The new machine was giving concurrency ratio which was very little below 4! Long story short, after disabling the intel-microcode goodness the results look like this:

real 0m6.122s user 1m9.624s

Concurrency is 11.3 - the hardware should be able to do 20 but definitely an improvement. The CPU utilization still doesn't go all out at 100%. We should get real 0m3s with user of 2m0s. The HT is enabled and I can confirm 100% CPU load with custom workload from my threadpool code. Something funky going on with the GNU make?

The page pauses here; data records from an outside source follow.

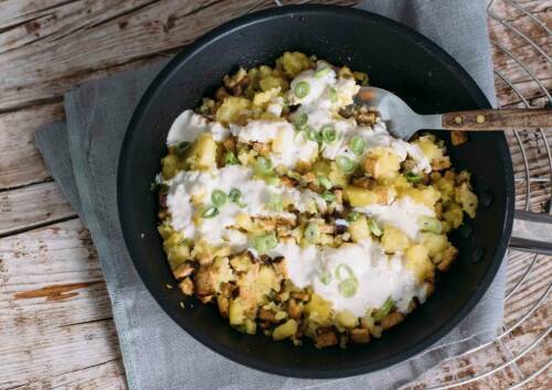 Manchmal dürfen es auch Reste sein. So wie unsere Smashed Potatoes aus der Pfanne. Übrige Kartoffeln, Sojaquark und Lauchzwiebeln – klingt einfach, schmeckt aber nach mehr und steht abends auch in unter 45 Minuten auf dem Tisch.
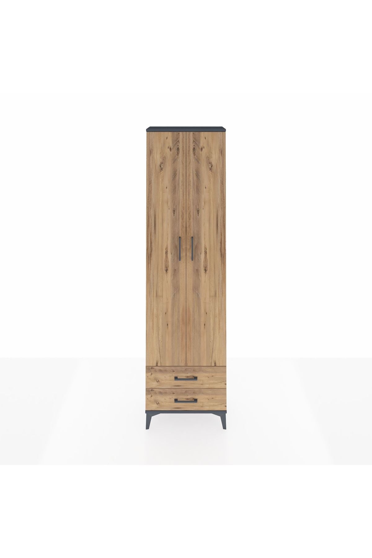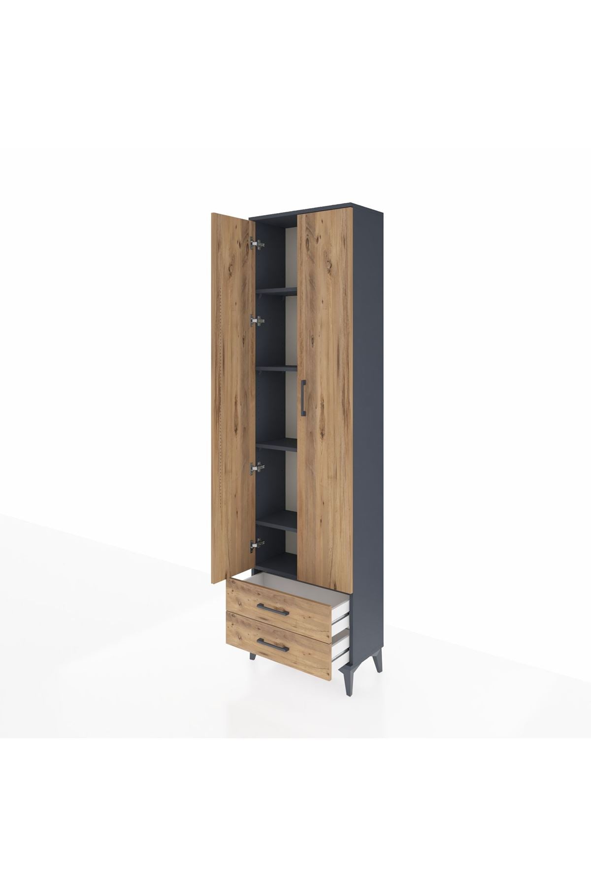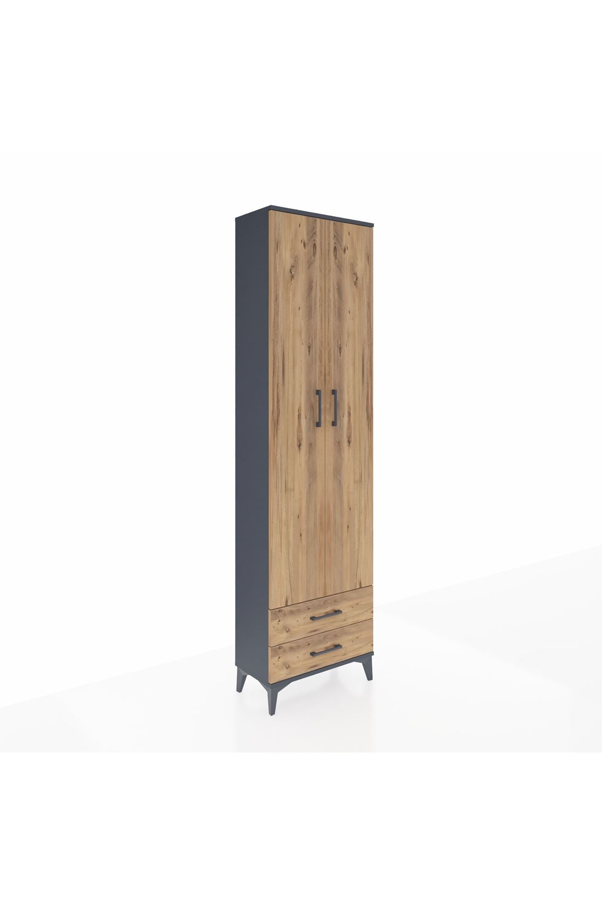 Arges Dolap 5 Raflı 2 Çekmeceli 2 Kapaklı 60x30x221 Antrasit-Çam
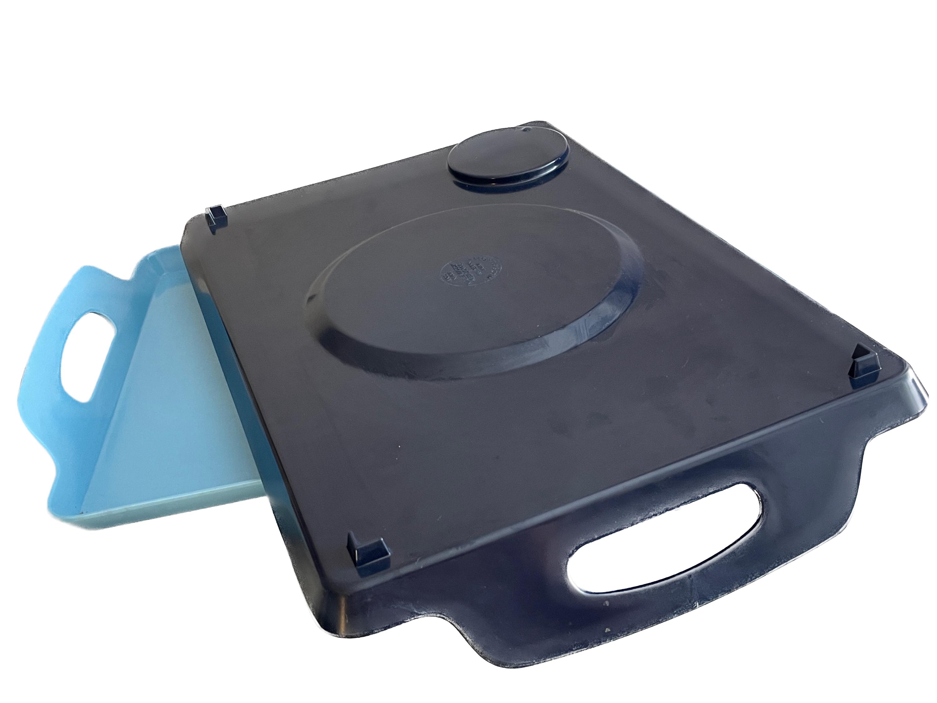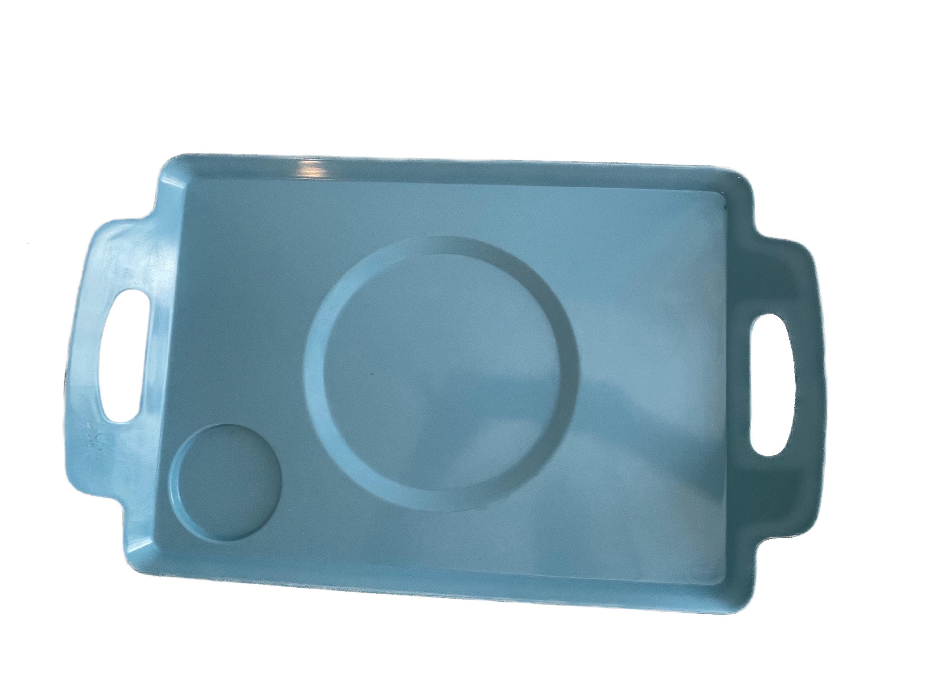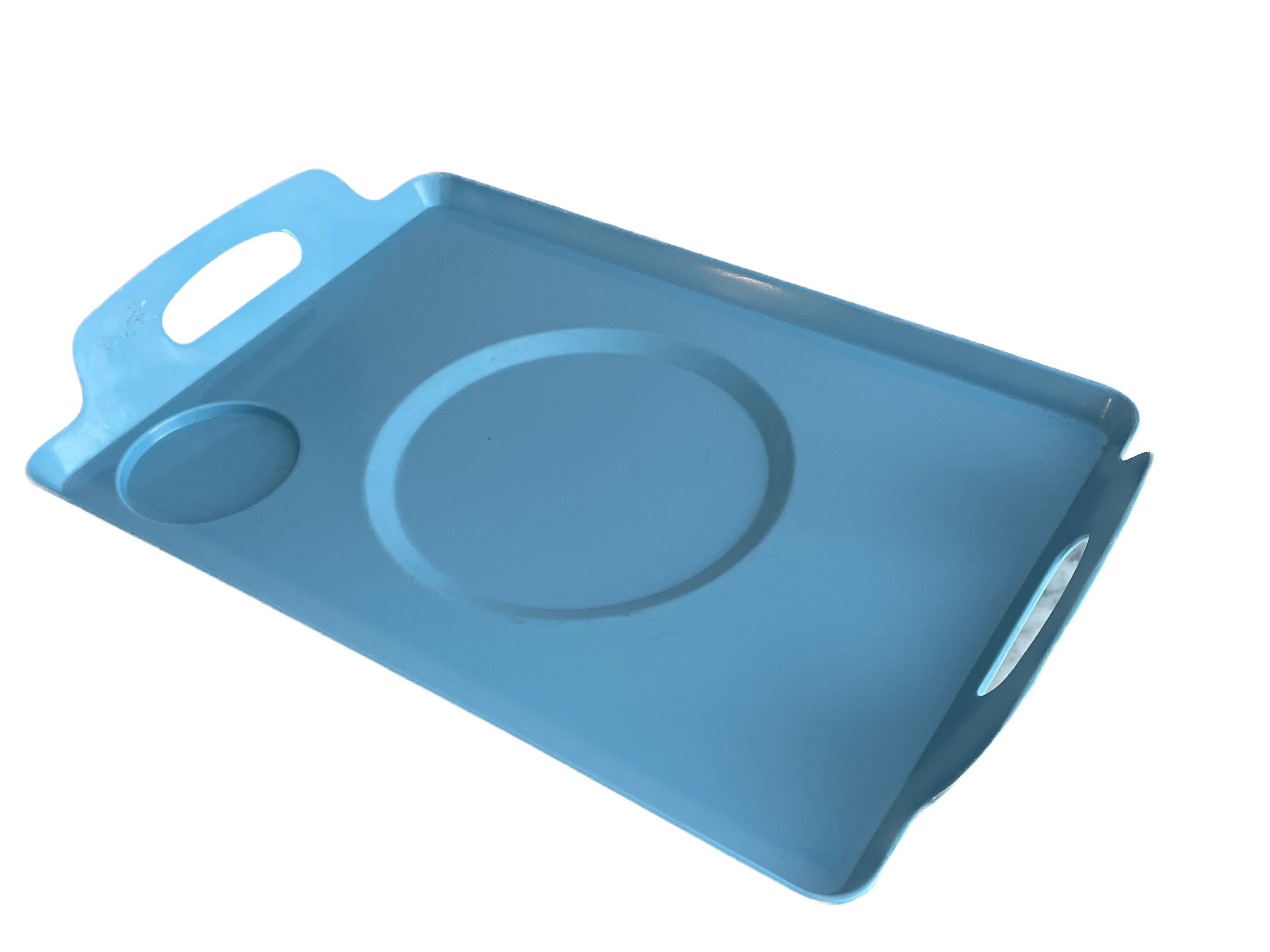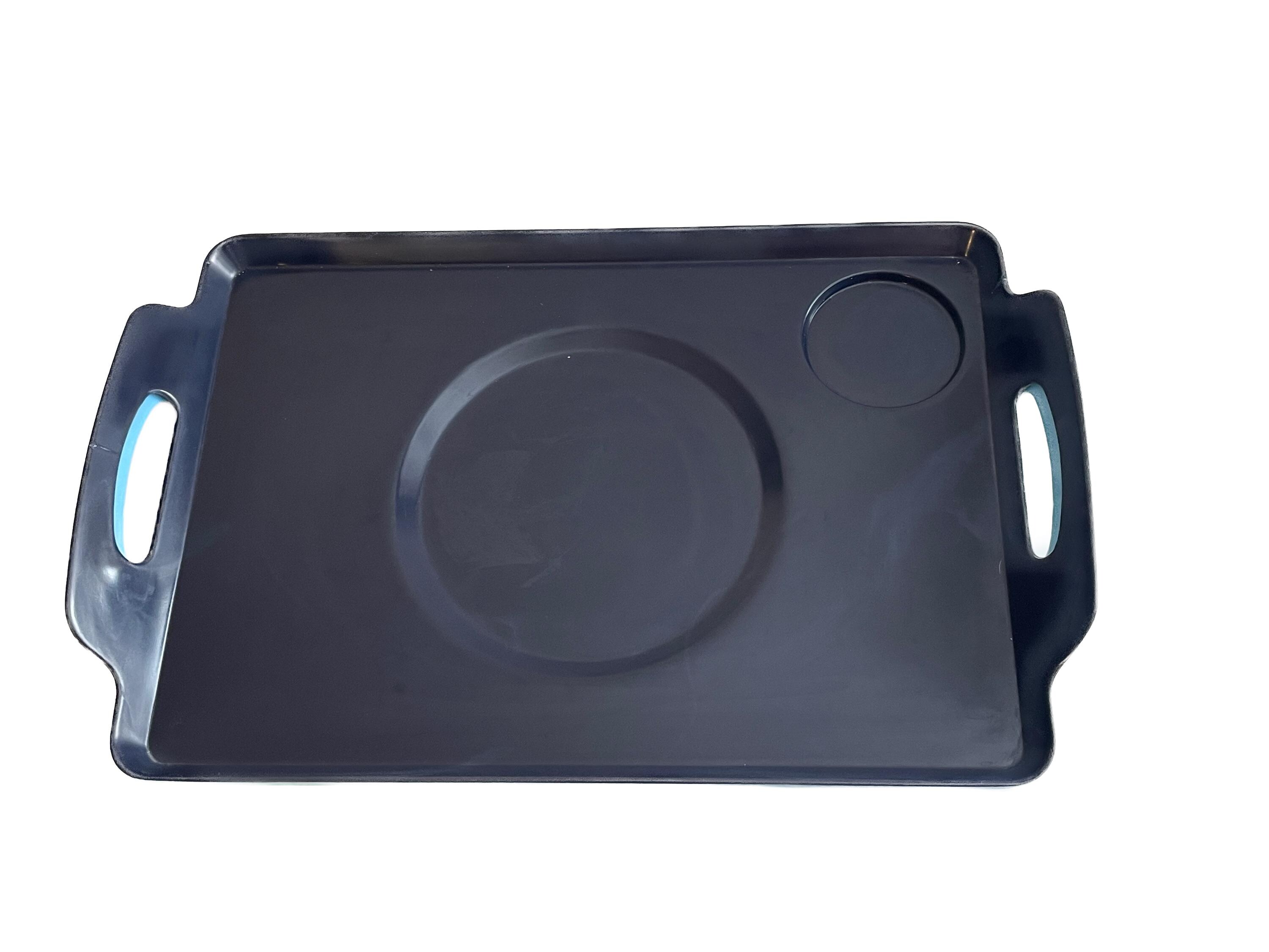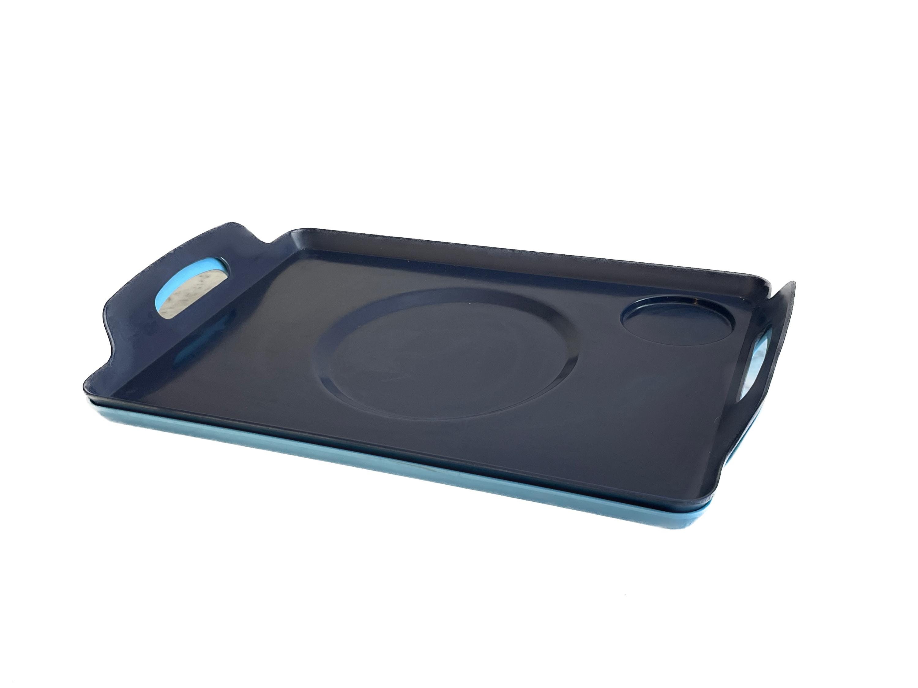 Crafted from durable, injection-molded plastic, these trays feature a streamlined silhouette and comfortable integrated handles. The design is ingeniously practical, featuring a dedicated circular recess for a plate and a smaller one for a drink, helping to secure items on a non-slip surface.

On the bright side, now the machine is over 3x the speed of the old one and the number of cores shouldn't even give more than 2.5x so it is exceeding expectations but simultaneously seeing underwhelming CPU usage. I/O limited? :(


September 27, 2017. 4.5 seconds!


February 14, 2018. 6.4 seconds :(

After upgrade to Meltdown/Spectre patched kernel the effect is same as taking away 3 out of the 10 cores. Oh well, let's just suck it and continue into the bright future.

Software Rasterizer

It is a completely different to think that the code you are writing is not generating bad code and it not actually generating bad code. You want to be sure so you have to give the code real data to transform. I am not one of those people with great imaginations so I decided that I will write a software triangle rasterizer.

Having written a few in my younger days my options were more limited than if I had not; the world wasn't my oyster - I was forced to designing one around the things that I 'knew' so I started my design around the number one bottleneck in modern CPUs - memory access. The other thing I wanted to do is to leverage SIMD instructions as that is the task I was set out to do in the first place.

So. I would be computing multiple pixels, or fragments if you will, simultaneously. I did choose to use 2x2 quad as my primitive for 4-wide SIMD vectors, this makes sense as GPU hardware works like this for various reasons. This is all nice when we scale to wider SIMD vectors. 8 wide can do two side-by-side quads simultaneously and 16 wide can do a whole 4x4 block at once. We want to avoid doing super-wide spans like 16x1 pixels because that would be wasted for most of the triangles.

4x4 is also nice for 32 bit buffers: 16 pixels times 4 bytes each is 64 bytes, which happens to be a L1 cache line size on many contemporary CPU architectures. If we align our buffers and thus the 4x4 blocks to 64 bytes our memory access just got reasonably efficient.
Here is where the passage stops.